An Improbable Musical


Royal & Derngate, Northampton and Improbable
Hackney Empire

An Improbable Musical

First a confession: I am a long-term fan and frequenter of the Comedy Store Players, who delight audiences every Sunday at Leicester Square with their hysterical wit and surreal flights of fancy. Three of their number are in this troupe: Josie Lawrence, Niall Ashdown and director Lee Simpson.

Improbable also has a handful of musicians led by Christopher Ash including piano and cello and a couple of puppeteers (Clarke Joseph-Edwards and Aya Nakamura). The second half of a Comedy Store Players impro show typically features a musical based on audience suggestions—usually just a title. The players then fabricate a story complete with show-stopping numbers accompanied by a keyboardist. It’s always hysterically funny. So expectations were very high.

Sadly, whilst it’s always a joy to watch Lawrence belt out deadpan show tunes with daft rhymes, this extended musical impro lacked clarity.

The Hackney Empire audience were asked for three suggestions—they came up with a swimming pool location, the phrase “hyperbolic retribution” and a sentence from a fictitious novel ("I couldn't believe what I found in the cupboard under the stairs").

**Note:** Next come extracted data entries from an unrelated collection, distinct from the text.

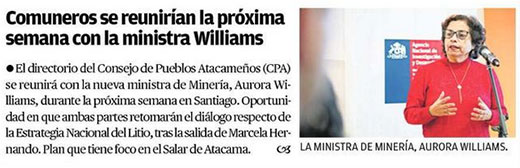 Consejo de Pueblos se reunirá con la ministra de Minería este martes por Estrategia del Litio - (El Mercurio de Calama)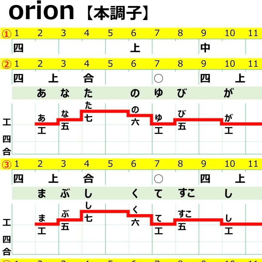 米津玄師『orion』の本調子・声楽譜付きの横書き工工四です。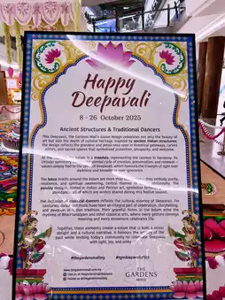 The Gardens Mall bursts into a spectacle of color, light, and tradition this Deepavali with its grand festive decorations that truly capture the spirit of the Festival of Lights. At the heart of the mall lies an elaborate, handcrafted kolam, made with vibrant hues and intricate patterns that symbolize prosperity and positivity.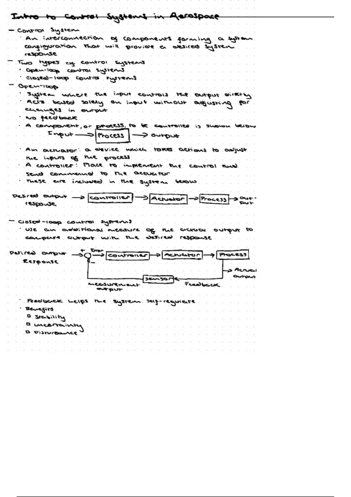 Lecture notes from the introduction lecture to control systems in aerospace. Covers: control systems; and types of control systems.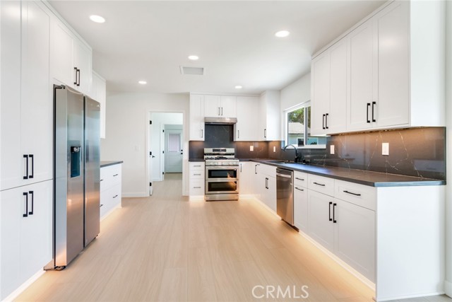 ADU! ADU! Nestled in the scenic foothills of Glendora and surrounded by mature trees, this fully remodeled ranch-style home offers the perfect blend of modern comfort and natural beauty. Spanning approximately 2,500 square feet, the main residence features four spacious bedrooms and 2.5 bathrooms, thoughtfully designed for both everyday living and effortless entertaining. Step inside to find luxury vinyl plank flooring throughout, a light-filled open layout, and a beautifully updated kitchen complete with abundant cabinetry, ambient lighting, and generous prep space. An indoor laundry room and a four-car garage add convenience and functionality, while south-facing views provide a serene backdrop to call home. A standout feature of this property is the rare and highly desirable detached ADU—a 625-square-foot retreat complete with its own one-car attached garage, private entrance, and a luxurious one-bedroom, one-bath layout. Ideal for multigenerational living or as a premium rental opportunity, the ADU offers flexibility and income potential, with the ability to create a separate, private yard space. Extensively upgraded throughout, the property includes all-new dual-pane windows, new HVAC systems with updated ducting, new electrical panels and wiring, new plumbing and lighting fixtures, new water heaters, and a freshly poured concrete driveway. The newly landscaped grounds further enhance the home’s curb appeal and outdoor enjoyment. Located near award-winning schools, scenic hiking trails, and the vibrant charm of downtown Glendora, this property combines lifestyle, location, and long-term value in one exceptional offering. Information deemed reliable, buyer to verify.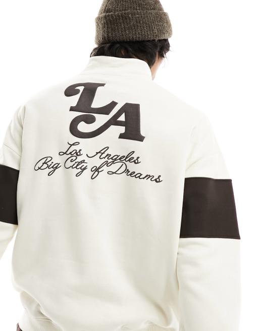 Bershka - Sweat à col zippé et imprimé LA - Écru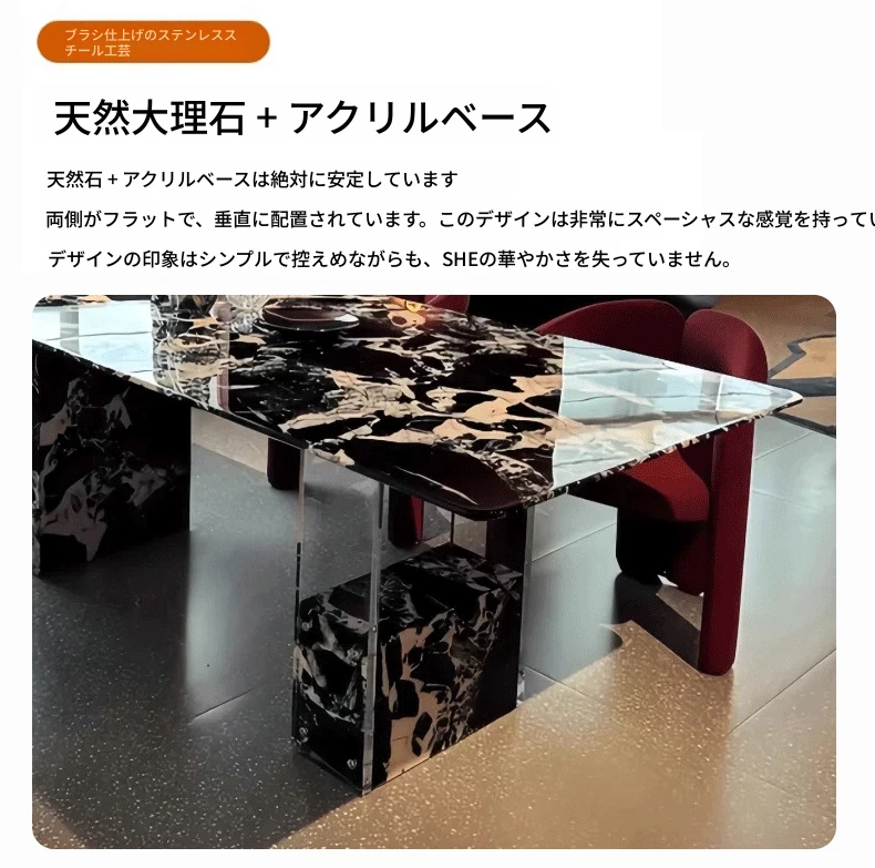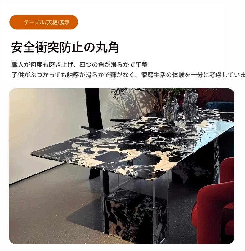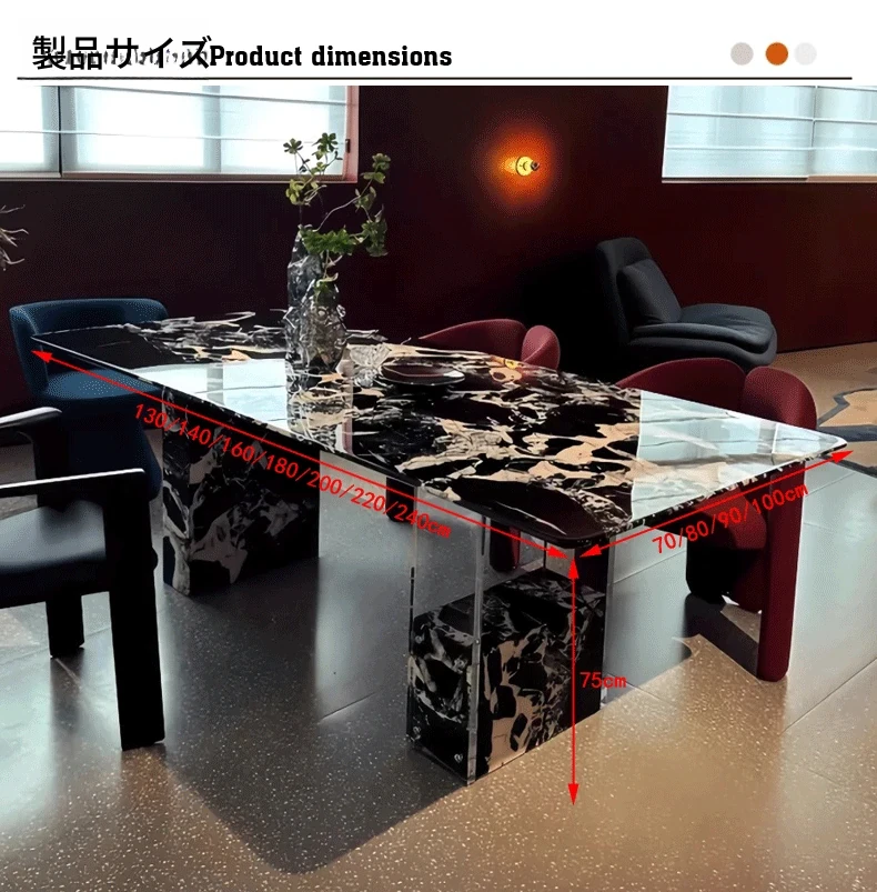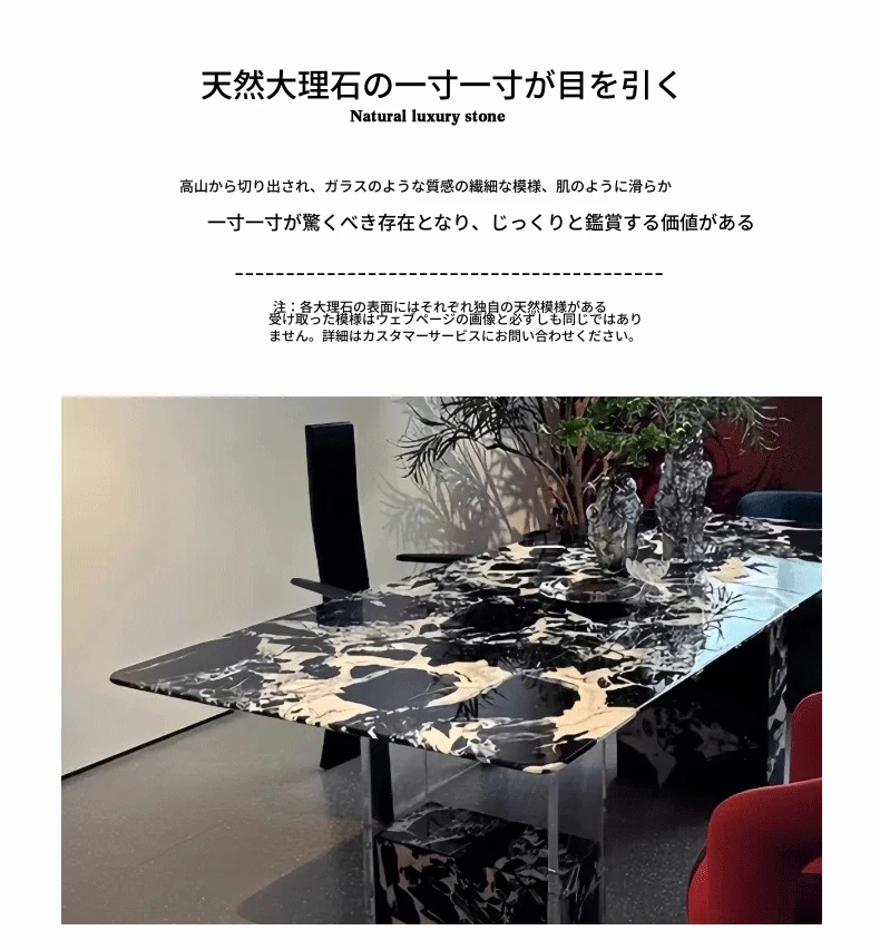 260*100CMダイニングテーブル【輸入ラグジュアリー石・ブルガリブラック】

The company opened with Ashdown fatally attempting a dive into said pool. And the slightly sombre tone was set from there, with the cast making up loosely connected scenarios and songs about apparent domestic abuse, a cat killer and the revenge of his neighbours—Lawrence and Ruth Bratt clearly having great fun with their characters’ plummy tones.

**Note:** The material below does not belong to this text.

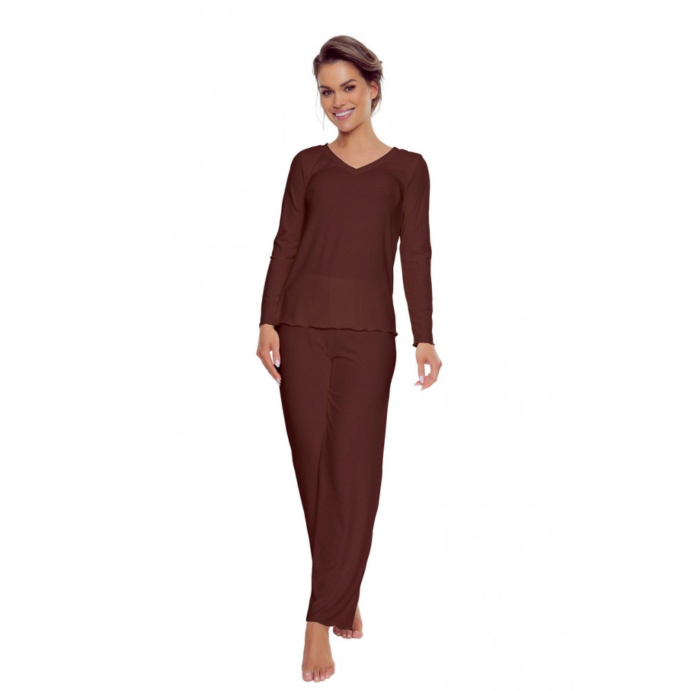 Женская пижама Rosaria сочетает в себе элегантность и комфорт, предназначенная для женщин, которые ценят комфорт и стиль даже в уюте собственного дома. Изготовлена из легкой ребристой вискозы, она нежно облегает тело и позволяет коже дышать. Блузка с V-образным вырезом нежно подчеркивает силуэт, а декоративное деление придает женственности. Прямые длинные брюки гарантируют полный комфорт и свободу движений. Идеально подходит как ночная рубашка или стильная одежда для отдыха на дому.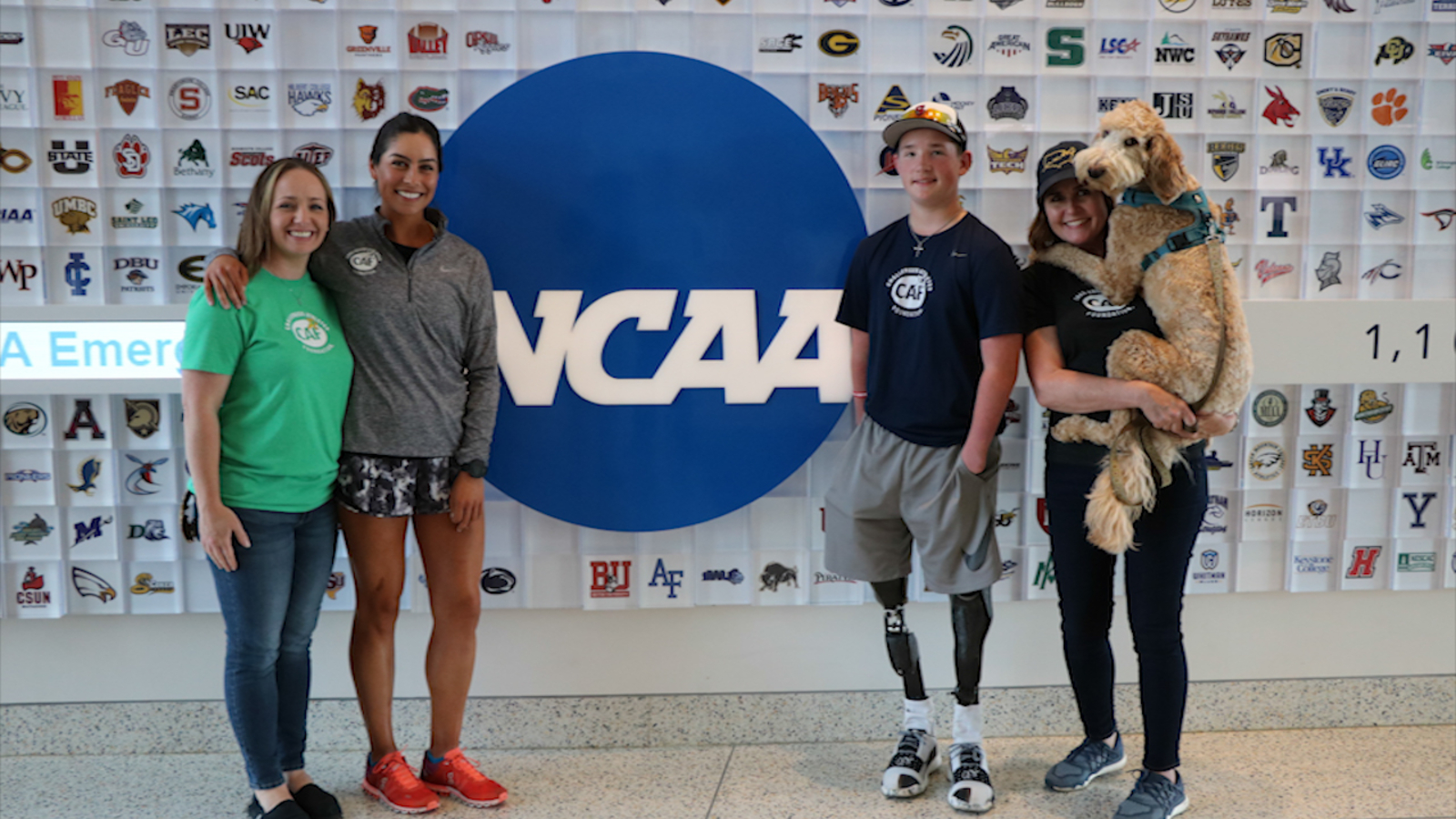 "We drove to Indianapolis to the NCAA Headquarters and met with CAF Athlete Landis Sims and his mother Amanda," Cuevas said. "Landis is an incredible athlete. He's 13-years-old and was born without hands and legs. He still plays basketball and baseball and excels at those two sports."

Some scenes were brilliant, Simpson having fun with a horrible yuppie banker and Lawrence his long-suffering wife. But others were oddly disjointed and the characters vague. The Comedy Store Players are brutally efficient in defining genre and character and motivation right from the off, but this lacked that kind of economy and there were some strange decisions here, including an unrelated dancing sheet-puppet interlude. And when Simpson led the cast in a kind of incantation to the heavens that seemed to have nothing to do with any of the stories, patience was tested.

But it's churlish to be too critical about the uneven tone because, as Simpson admits in the programme, this is not intended to be just comedy; it is meant to straddle genres: "it is undeniably riskier and more delicate and sometimes it just doesn't work but sometimes it is sublime because we end up improvising not just theatre but new ways to create theatre". So it's dangerous and it's impressive, but—buyer beware.

It’s always a pleasure to see improvisers and singers of this quality make up silliness and the musicians and lighting designers did a great job, but perhaps this extended dramatic structure, at least on the night I saw it, was a touch too ambitious. Other nights can, and will of course, differ.